1.   As we stated in Smith I,The trial court determined that the State had proven beyond a reasonable doubt the existence of six statutory aggravators: (1) Smith committed the felony while he was on probation, see § 921.141(5)(a), Fla. Stat. (2003) (moderate weight); (2) the murder was committed while Smith was engaged in the commission of a sexual battery or kidnapping, see § 921.141(5)(d), Fla. Stat. (2003) (significant weight); (3) the murder was committed for the purpose of avoiding lawful arrest, see § 921.141(5)(e), Fla. Stat. (2003) (great weight); (4) the murder was especially heinous, atrocious or cruel (HAC), see § 921.141(5)(h), Fla. Stat. (2003) (great weight); (5) the murder was cold, calculated, and premeditated (CCP), see § 921.141(5)(i), Fla. Stat. (2003) (great weight); and (6) the victim was under twelve years of age, see § 921.141(5)(l), Fla. Stat. (2003) (great weight).The trial court concluded that Smith had failed to prove the existence of any statutory mitigating circumstances. The trial court found a total of thirteen non-statutory mitigating circumstances: (1) a long and well-documented history of mental illness (moderate weight); (2) a long and well-documented history of drug abuse (moderate weight); (3) longstanding severe pain from back injuries that contributed to his addiction (little weight); (4) Smith repeatedly sought help for his problems (little weight); (5) Smith was repeatedly denied treatment or received inadequate treatment (little weight); (6) positive qualities, including—(a) skills as a mechanic, plumber, and carpenter; (b) performance of kind deeds for others; (c) love and support with his family; (d) despite his incarceration, attempts to exert a positive influence on family members; (e) artistic skills; and (f) he cares about animals (moderate weight); (7) providing information that led to the resolution of this case (very little weight); (8) his family assisted law enforcement with Smith's knowledge and cooperation (slight weight); (9) demonstration of spiritual growth (moderate weight); (10) maintenance of gainful employment (slight weight); (11) he is a loving father to his three daughters (moderate weight); (12) remorse (little weight); and (13) he is amenable to rehabilitation and a productive life in prison (little weight).28 So.3d at 852–53 (footnotes omitted).

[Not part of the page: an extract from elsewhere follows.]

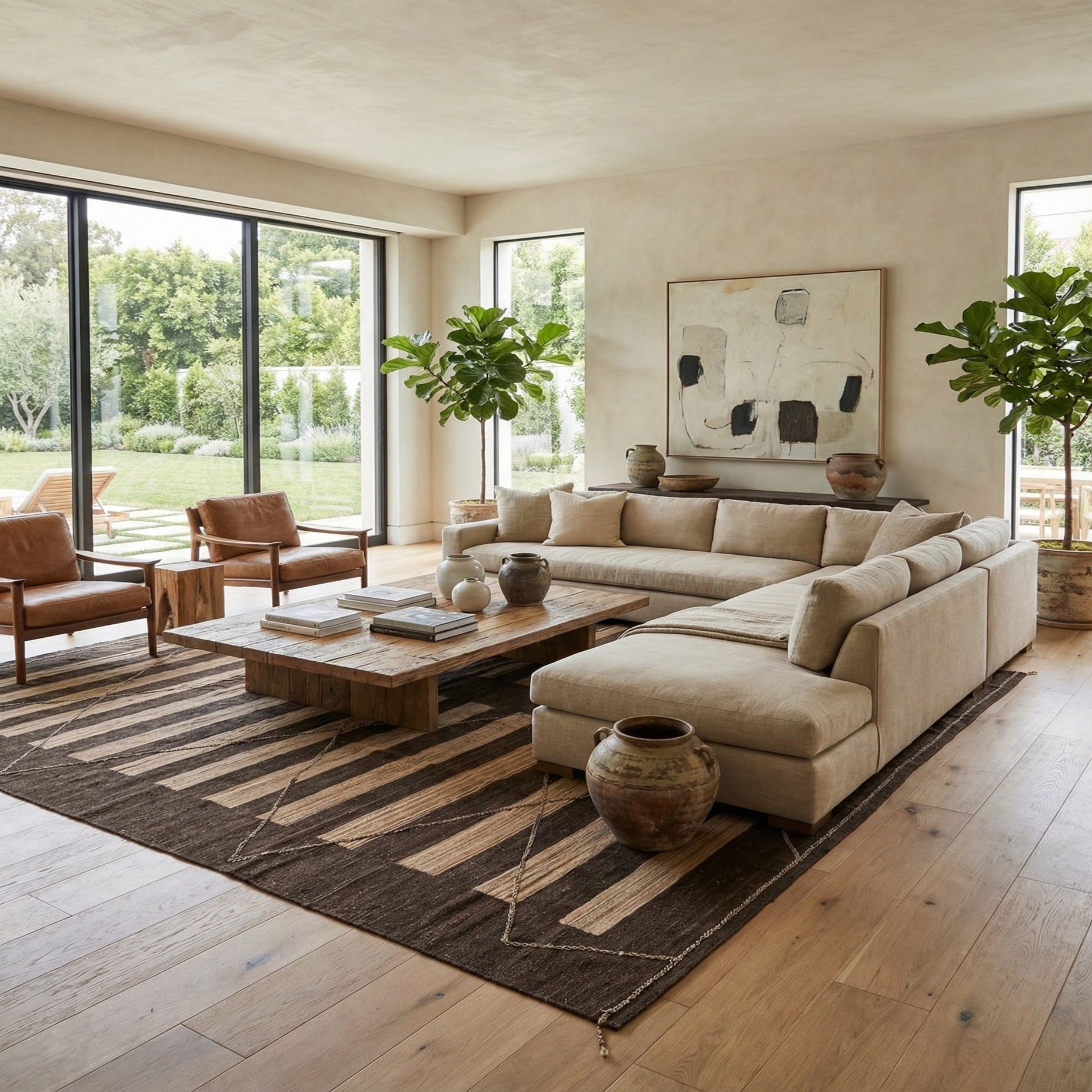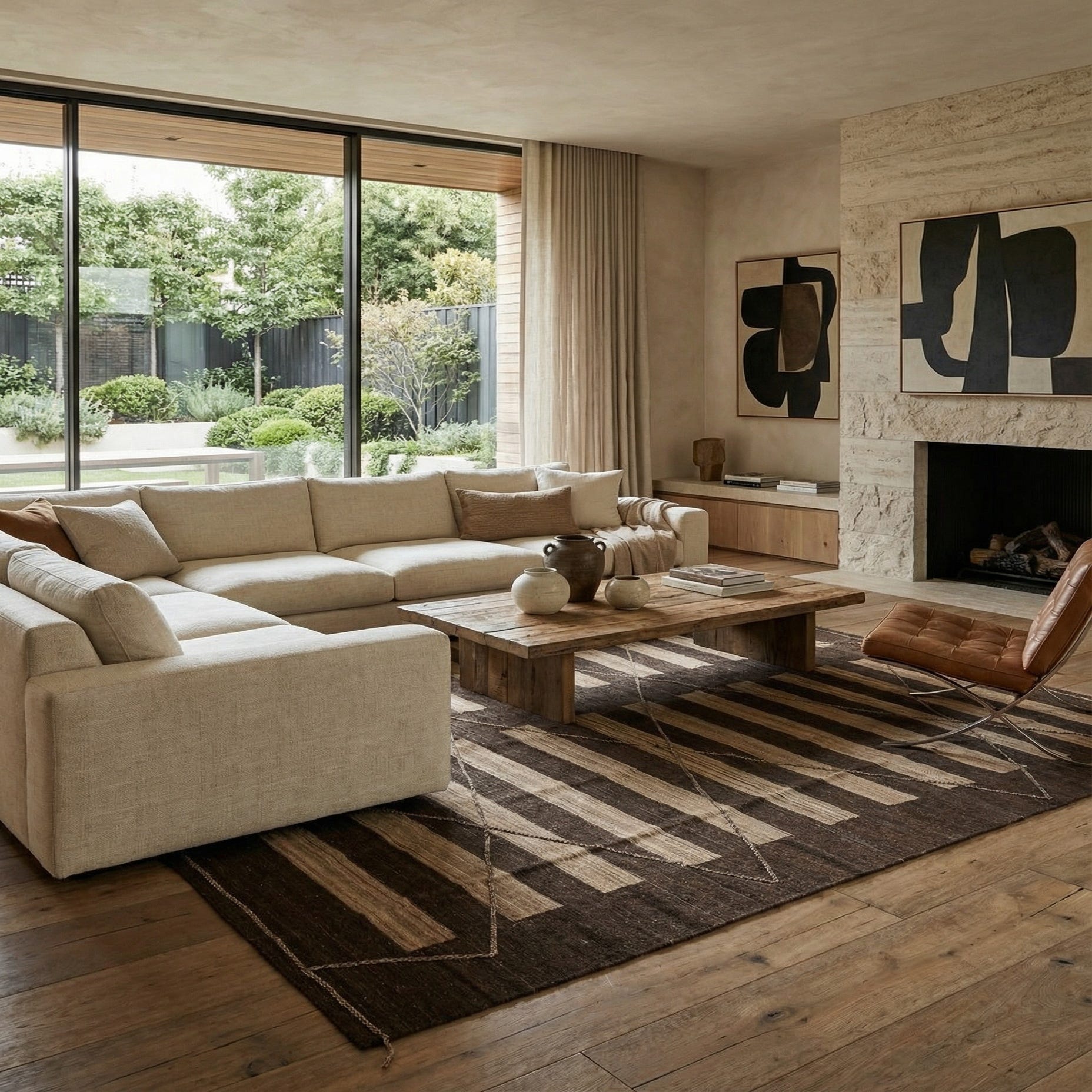 Primary color is Brown. Colors in this rug include: Brown, Beige, Light Brown.

2.   Ring v. Arizona, 536 U.S. 584, 122 S.Ct. 2428, 153 L.Ed.2d 556 (2002).

3.   E.g., Mosley, 209 So.3d 1248 (granting Hurst relief for nonunanimous jury recommendation, post-Ring defendant); Peterson v. State, 221 So.3d 571 (Fla. 2017) (same); Bevel v. State, 221 So.3d 1168 (Fla. 2017) (same); Snelgrove v. State, 217 So.3d 992 (Fla. 2017) (same); Newberry v. State, 214 So.3d 562 (Fla. 2017) (same); Orme v. State, 214 So.3d 1269 (Fla. 2017) (same); Baker v. State, 214 So.3d 530 (Fla. 2017) (same); Deviney v. State, 213 So.3d 794 (Fla. 2017) (same); Jackson v. State, 213 So.3d 754 (Fla. 2017) (same); Smith v. State, 213 So.3d 722 (Fla. 2017) (same); Hodges v. State, 213 So.3d 863 (Fla. 2017) (same); Anderson v. State, 220 So.3d 1133 (Fla. 2017) (same); Ault v. State, 213 So.3d 670 (Fla. 2017) (same); Dubose v. State, 210 So.3d 641 (Fla. 2017) (same); Hojan v. State, 212 So.3d 982 (Fla. 2017) (same); Durousseau v. State, 218 So.3d 405 (Fla. 2017) (same); Calloway v. State, 210 So.3d 1160 (Fla. 2017) (same); McGirth v. State, 209 So.3d 1146 (Fla. 2017) (same); Williams v. State, 209 So.3d 543 (Fla.) (same), cert. denied, ––– U.S. ––––, 137 S.Ct. 2302, 198 L.Ed.2d 734 (2017); Armstrong v. State, 211 So.3d 864 (Fla. 2017) (same); Kopsho v. State, 209 So.3d 568 (Fla. 2017) (same).


LABARGA, C.J., and PARIENTE, LEWIS, and QUINCE, JJ., concur. CANADY and POLSTON, JJ., dissent. LAWSON, J., dissents with an opinion.